Hat Europa die Terrorgefahr verpennt? Schon nach den Anschlägen in Paris hatten die EU-Innenminister ihre Entschlossenheit im Kampf gegen den internationalen Terrorismus bekräftigt und versprochen, die Sicherheitszusammenarbeit voranzutreiben.
Nun, etwas mehr als vier Monate danach, mussten sie sich heute in Brüssel erneut zu einer Terror-Krisensitzung treffen – keine 300 Meter von der Metrostation entfernt, an der sich am Dienstag Khalid El Bakraoui in die Luft gesprengt und 20 Menschen in den Tod gerissen hatte. Z
urecht drängt sich die Frage auf: Wird sich nach den Anschlägen von Brüssel nun endlich etwas ändern?
«Terrorismus ist schnell, Europa oft langsam»
Schon in den nächsten Wochen wolle man konkrete Fortschritte beim eigentlich bereits vereinbarten Austausch von Fluggastdaten sehen, so der Konsens der Minister beim heutigen Treffen in Brüssel.
Auch wolle man die Sicherheitsmassnahmen besser umzusetzen, auf man sich bereits im Grundsatz verständigt habe.

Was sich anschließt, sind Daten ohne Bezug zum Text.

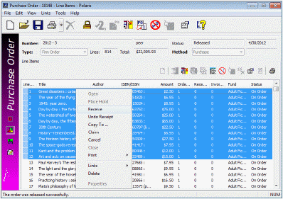 - Select the line items you want to receive, right-click, and select Receive from the context menu, or click

Dazu gehörten effektive Grenz- und Personenkontrollen sowie der Kampf gegen gefälschte Papiere und gegen den Verkauf von Chemikalien, die zum Bombenbau geeignet sind.
EU-Innenkommissar Dimitris Avramopolous, der bereits gestern harte Töne angeschlagen hatte, monierte auch heute wieder: «Wir müssen miteinander reden.» Nationale Behörden dürften ihre Informationen nicht voreinander abschotten, forderte er. «Der Terrorismus ist schnell, aber Europa ist oft langsam», sagte Italiens Innenminister Angelino Alfano.
«Wir brauchen keine neuen Pläne»
In einer gemeinsamen Erklärung bekräftigten die Minister ihre Entschlossenheit, «die an den Anschlägen in Paris und Brüssel beteiligten Netze und andere vergleichbare Netze zu ermitteln».
Bis Juni soll sich ausserdem die EU-Kommission gemeinsam mit Experten überlegen, wie Informationen über Terroristen besser erhoben, überprüft und verknüpft werden können.
Als nützlich erwiesen sich aus Sicht der Minister insbesondere grenzüberschreitende Ermittlungsgruppen, die nach den Terroranschlägen im November in Paris gebildet wurden. Belgiens Justizminister Koen Geens lobte den Beitrag dieser Teams zur Strafverfolgung als wertvoll.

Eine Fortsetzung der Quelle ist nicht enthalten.